R packages and software:

R = 3.2.2

BioConductor 3.1

/cluster/project8/vyp/vincent/Software/R-3.2.2/bin/R

DESeq2 >= 1.8.2
DEXSeq >= 1.14.2
BiocParallel >= 1.2.22
data.table
optparse

Notes for installation of DEXSeq/DESeq2:

Need to add /share/apps/binutils-2.25/bin to the PATH
type
```
scl enable devtoolset-1.1 'bash'
```
and then run R

Input 1: Sample Table

The key input is a table in tab delimited plain text format that contains one row per sample, with a header line. Here is a simple example:

sample	f1	f2	condition_A	condition_B	type_1
control_1	sample1_R1.fastq.gz	sample1_R2.fastq.gz	control	control	female
mutation_A_1	sample2_lane1_R1.fastq.gz,sample2_lane._R1.fastq.gz	sample2_lane1.fastq.gz,sample2_lane2.fastq.gz	mutation_A	NA	male
mutation_B_1	sample3_R1.fastq.gz	sample3_R2.fastq.gz	NA	mutation_B	female

sample must be a unique sample name.
f1 and f2 specify the input fastqs, which must be gzipped - they will have the extension <file>.fastq.gz . If the data are single ended then the fastq file names will go under f1 and all cells in f2 must be set to NA. Only put file name in here - the path to the fastq files should be set in the submission script
If the fastq files are in pieces then fastq files of the same direction should be comma separated.
condition is what you want to run the differential analyses on. You can include multiple condition columns and any sample to be excluded from a condition should have a value of NA. DESeq2 and DEXSeq will assume that the topmost or alphabetically first condition label is the reference condition in the comparison so order your rows accordingly.
type is an optional covariate column which will be included in the differential expression model. You can have as many type columns as you wish as long as the column name contains the word "type".
The input folder is specified in the submission form. However if the fastq files are in separate subfolders then these subfolders should be present in the sample table, ie /subfolder/sample1.fastq.

Input 2: Submission Form

The second input file is a list of variables that will be used by the pipeline script. An example is included in the repository and should be filled in by the user. Each variable is named and explained below:

pipeline: path to where the repository is downloaded
oFolder: where the processed data will go. Conventionally samples/processed.
iFolder: where the input fastq files are. If in separate subfolders then include the subfolder in the sample table.
dataframe: the path to the sample table
code: the name of the project, used as the job name when submitting each step.
species: the species genome used for alignment.

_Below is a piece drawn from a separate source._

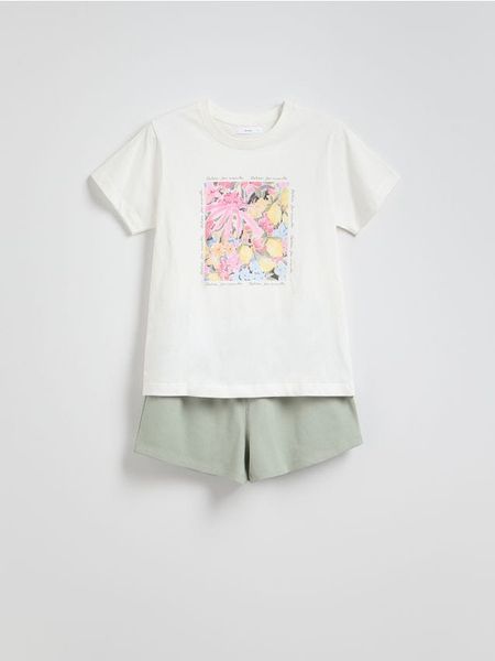 Piżama składająca się z t-shirtu i spodni, uszyta z bawełny.

See supported species for details
stranded=(unstranded/fr-firststrand/fr-secondstrand): whether the RNA-seq library is stranded.
submit=(yes|no): whether the pipeline should automatically submit jobs to the cluster.
step0_QC=(yes|no): each fastqc is checked with FastQC. This step should ideally be completed before the rest of the pipeline is run.
trim_galore=(yes|no): should the fastq files be trimmed before alignment?
starStep1=(yes|no): the initial alignment step with STAR, followed by sorting and duplicate marking.
starStep1b=(yes|no): indexing of the resulting bam file and computing of summary statistics.
starStep2=(yes|no): counting the reads in each sample with HTSeq.
prepareCounts=(yes|no): preparation of read counts for DESeq and DEXSeq; creation of per-sample FPKMs.
Rdeseq=(yes|no): differential gene expression with the DESeq2 package.
Rdexseq=(yes|no): differential exon usage with the DEXSeq package.
goseq=(yes|no); Gene Ontology enrichment analysis with the GOSeq package.

Supported species

Below is a list of currently supported species genomes and the species code needed for the submission file:

Code	Animal	Genome build	GTF source and version
`human_hg38`	homo sapiens	hg38	Ensembl 82
`mouse`	mus musculus	mm10	Ensembl 82
`rat`	rattus norvegicus	rnor6	Ensembl 90
`worm`	caenorhabditis elegans	WBcel235	WormBase 235/ Ensembl 89
`fly`	drosophila melanogaster	dm6	Ensembl 82
`macaque`	macaca mullata	Mmul_8.0.1	Ensembl 90
`mosquito`	anopheles gambiae	AgamP4	VectorBase 36

If you would like to use the RNA-seq pipeline with any other species then please raise it as an issue on GitHub.

A note on stranding

Strand-specific library preparations are now commonplace, which improves the accuracy of feature quantification. However, there are two possible ways of stranding a paired RNAseq library:

fr-firststrand, where the first read of the pair maps to the same orientation of the gene.
fr-secondstrand, where the first read of the pair maps to the opposite orientation of the gene. If you're unsure whether the library is forward or reverse stranded, set stranded=unstranded and run step 1a to align your reads. Then run infer_experiment.py from the RSeQC package (http://rseqc.sourceforge.net/#infer-experiment-py).

Advanced usage

Two flags in the submission script, summary and force are now deprecated. They have now been repurposed for non-standard use cases.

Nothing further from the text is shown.